EXERCISE DESCRIPTION: Check each line of the listing, and copy it if it contains the word "Бургулюк".

DATASET CONTENT:

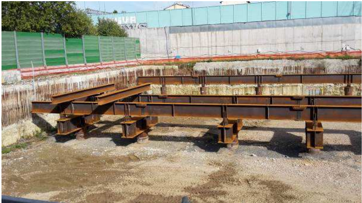
Foto 1 - Posa carpenterie metalliche a sostegno del Solaio Piano Terra
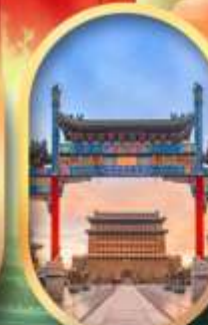
ถนนคนเดินเวียนเหิน
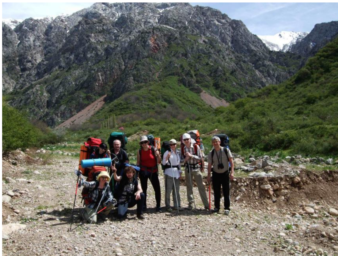
Фото 1. Начало маршрута (пос. Бургулюк).

До пос. Бургулюк доехали на внедорожниках. Температура 25-30 градусов. Отм. 1265 м . 14:45. Традиционная общая фотография на старте – и в путь (фото 1).

OUTPUT FOR THIS TASK:
Фото 1. Начало маршрута (пос. Бургулюк).
До пос. Бургулюк доехали на внедорожниках. Температура 25-30 градусов. Отм. 1265 м . 14:45. Традиционная общая фотография на старте – и в путь (фото 1).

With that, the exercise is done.